The Waterview Wharf Workshops are an attractive, well-proportioned group of purpose-built maritime industrial buildings on the foreshore of Waterview Bay, Balmain. They form part of the few surviving maritime structures which once stretched along the southern shore of the harbour from Balmain to Garden Island and includes the wharves of Pyrmont, Walsh Bay, Circular Quay and Woolloomooloo.

The Waterview Wharf Workshops site, through erection of the stone sea wall and excavation of the former cliff to provide fill on which the Burns Mill was built, illustrates the importance of the waterfront industrial land in Balmain in the late 19th century.

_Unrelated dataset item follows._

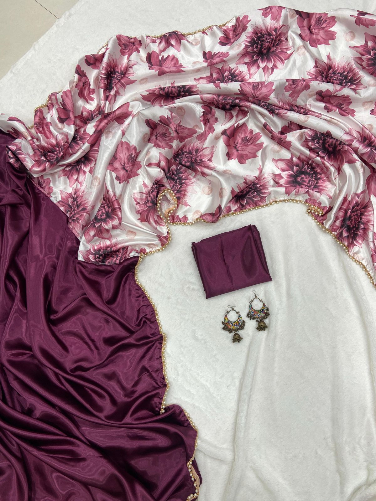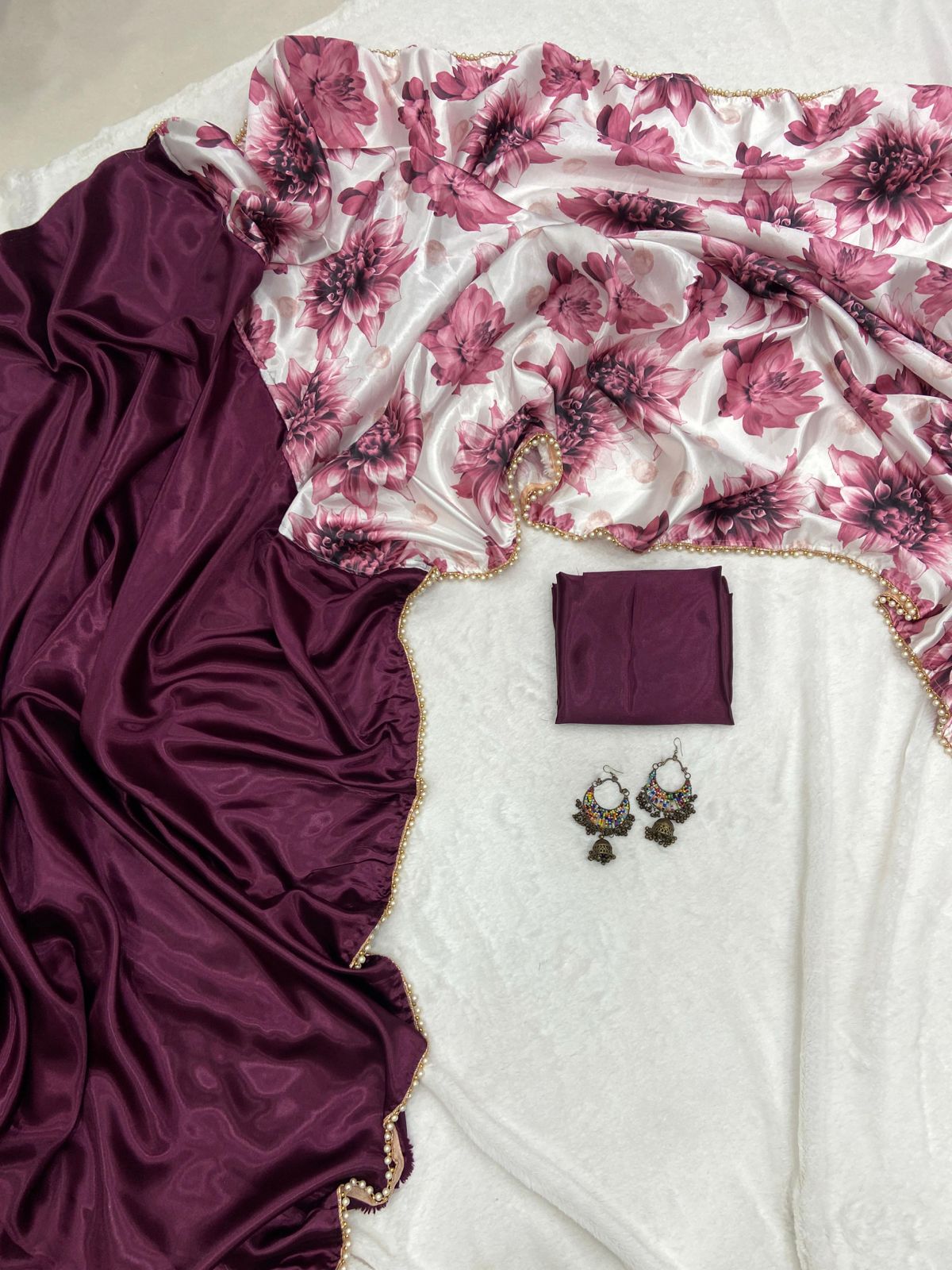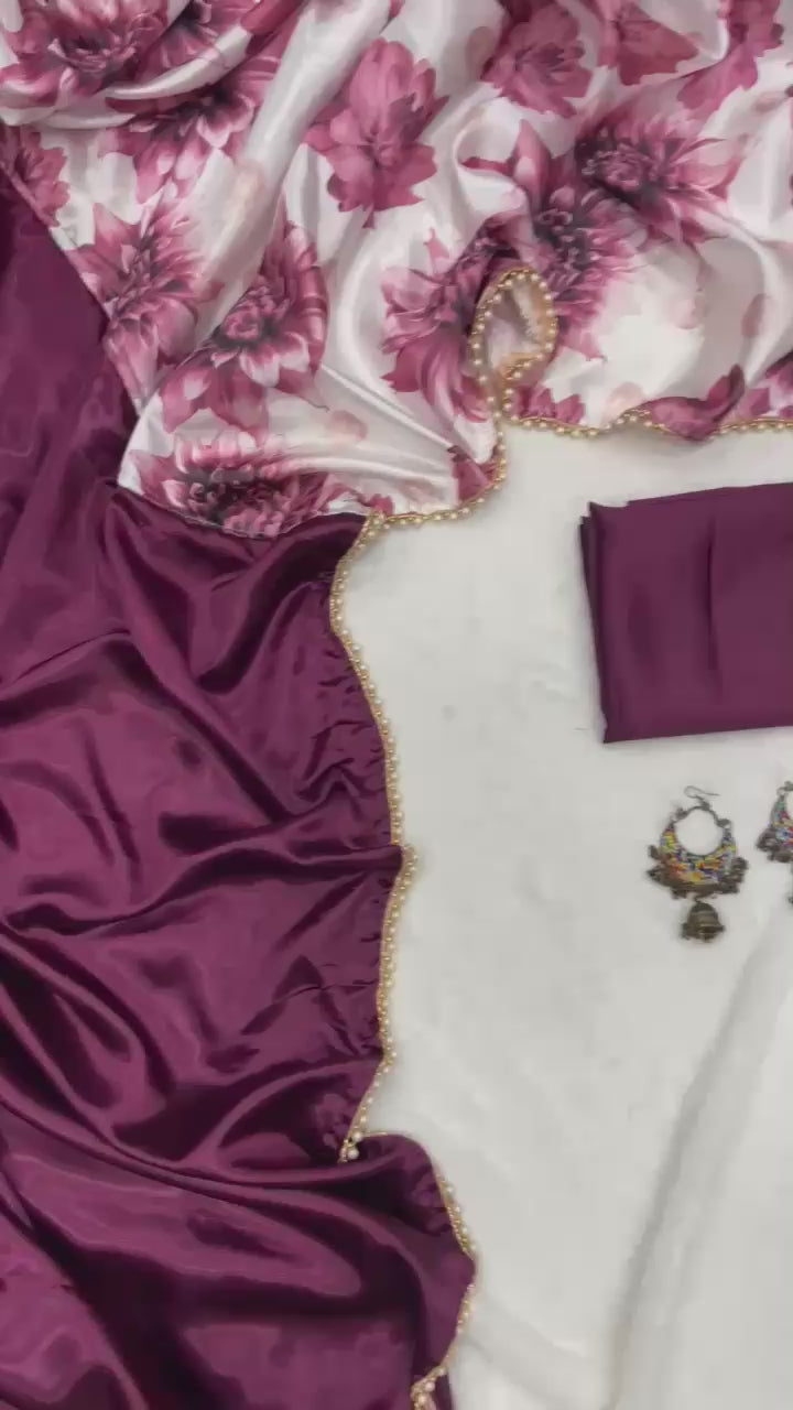 Stay Beautiful With Our New Half Half Satin Saree Collection With Beautiful Flower Printed Pallu And Pearl Lace

The Waterview Wharf Workshops are the last significant remnant of the early 20th century maritime industry which was concentrated in Waterview Bay and included Mort's Dock, West's Sail Loft, the UTA Ferry Workshops and Sydney Slipways.

The workshops possess sufficient fabric for the site to be adequately interpreted in industrial archaeological terms.

The workshops are one of the few remaining industrial sites which exhibit, through the wharf access road and the air raid shelter, the effect of the Second World War on the fabric of domestic industrial sites.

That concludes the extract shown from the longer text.